Magistrado ponente: Eugenio Fernández Carlier

Decreto 2591 de 1991Ley 23 de 1981Ley 270 de 1996Ley 906 de 2004

Tutela No. 90776 W. G. C. y OTROS EUGENIO FERNÁNDEZ CARLIER Magistrado Ponente ATP1665-2017 Radicación Nº 90776 Acta Nº 82 Bogotá, D.C., catorce (14) de marzo dos mil diecisiete (2017). Decide la Sala lo que en derecho corresponda acerca de la impugnación interpuesta por los accionantes C. W. G. C., P. B. C. y V. G. B., contra la sentencia de tutela de 16 de febrero de 2017, proferida la Sala Penal del Tribunal Superior de Bogotá, a través de la cual le negó el amparo de sus derechos fundamentales al debido proceso, acceso a la administración de justicia y petición, presuntamente vulnerados por la Fiscalía 164 Seccional de esta ciudad capital y la Dirección Seccional de Fiscalías, en actuación que vinculó a los ciudadanos Lilia Sánchez Cerquera y Héctor José Valderrama, en su calidad de psicóloga y representante legal del Colegio Calatrava Precoz Alegría de Vivir.

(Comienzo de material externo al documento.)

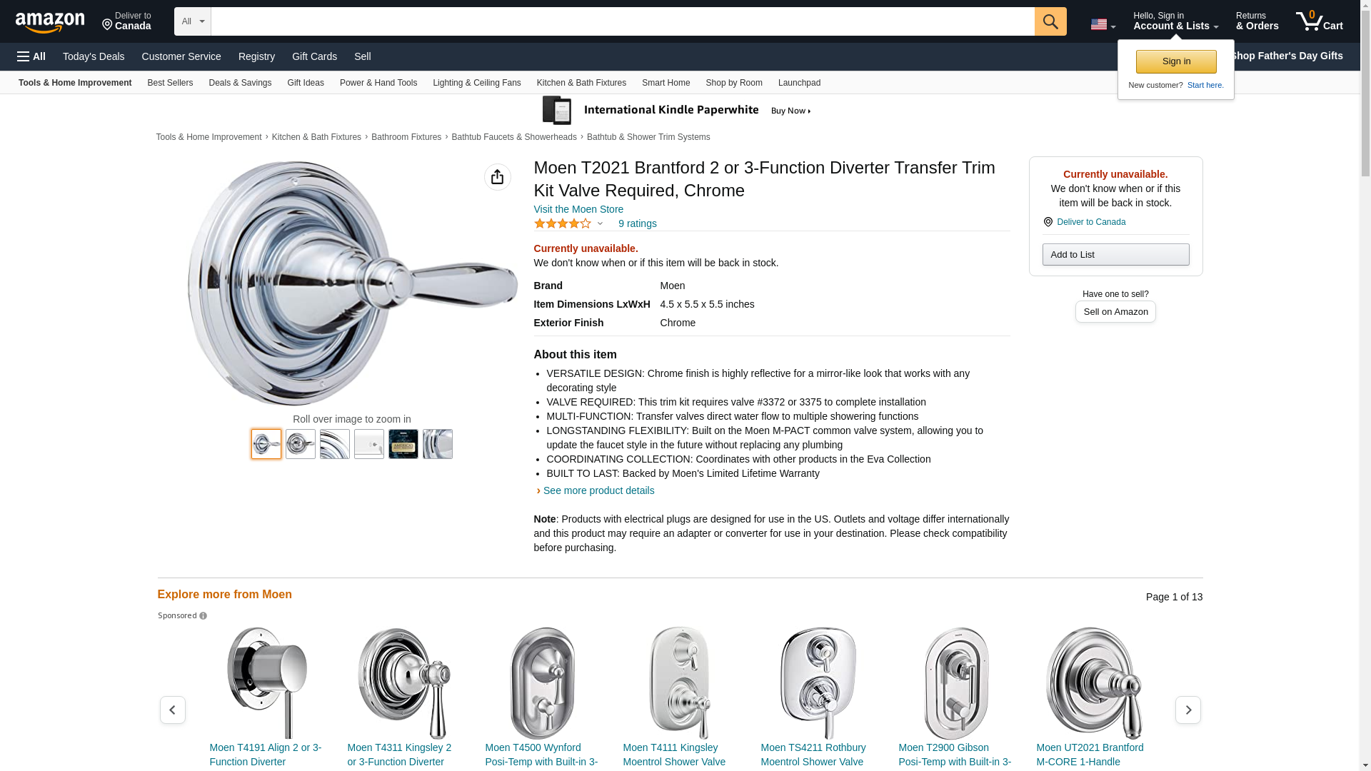 Moen T2021 Brantford 2 or 3-Function Diverter Transfer Valve Trim Kit Valve Required, Chrome

FUNDAMENTOS DE LA ACCIÓN Fueron delimitados por el Tribunal a quo en los siguientes términos: Del escrito de tutela se advierte que los señores C. W. G. y P. B. C., por hechos que no corresponde exponer, el 8 de julio de 2015 interpusieron denuncia penal ante la Fiscalía General de la Nación contra los ciudadanos Héctor José Valderrama Morales, Luisa Bernal, Lilia Sánchez y Consuelo Valderrama Morales, funcionarios del Colegio Calatrava, por las presuntas conductas de falsedad en documento privado, destrucción, supresión y ocultamiento de documento privado, injuria, calumnia y tortura psicológica, a la cual se le asignó el radicado No. 110016000049201511016.

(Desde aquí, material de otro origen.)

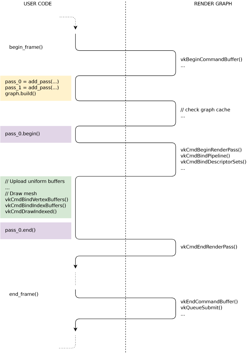 Pipeline barriers also may get inserted here.end_frame() ends the command buffer and sends

Dicha denuncia correspondió por reparto a la Fiscalía 88 Seccional, unidad contra la Fe Pública, que en ejercicio de su plan metodológico, según los accionantes, impartió las respectivas Órdenes al CTI, entrevistó a los denunciados, ofició al colegio de psicólogos para saber si la señora Luisa Bernal cumplía con las calidades requeridas según la Ley 23 de 1981 y la Resolución 1995 de 1999, para supervisar el tratamiento psicológico de una menor de edad, entre otros actos de investigación. Sin embargo, advierten, que el 4 de diciembre de 2015, el caso fue remitido a la Fiscal 164 Seccional, quien les comunicó que la investigación solo se había adelantado contra uno de los denunciados y por algunos delitos; además, que los actos de investigación a cargo de la Fiscalía 88 Seccional carecían de valor, al no haber sido realizados por la Dijin o Sijin – no recuerdan bien-.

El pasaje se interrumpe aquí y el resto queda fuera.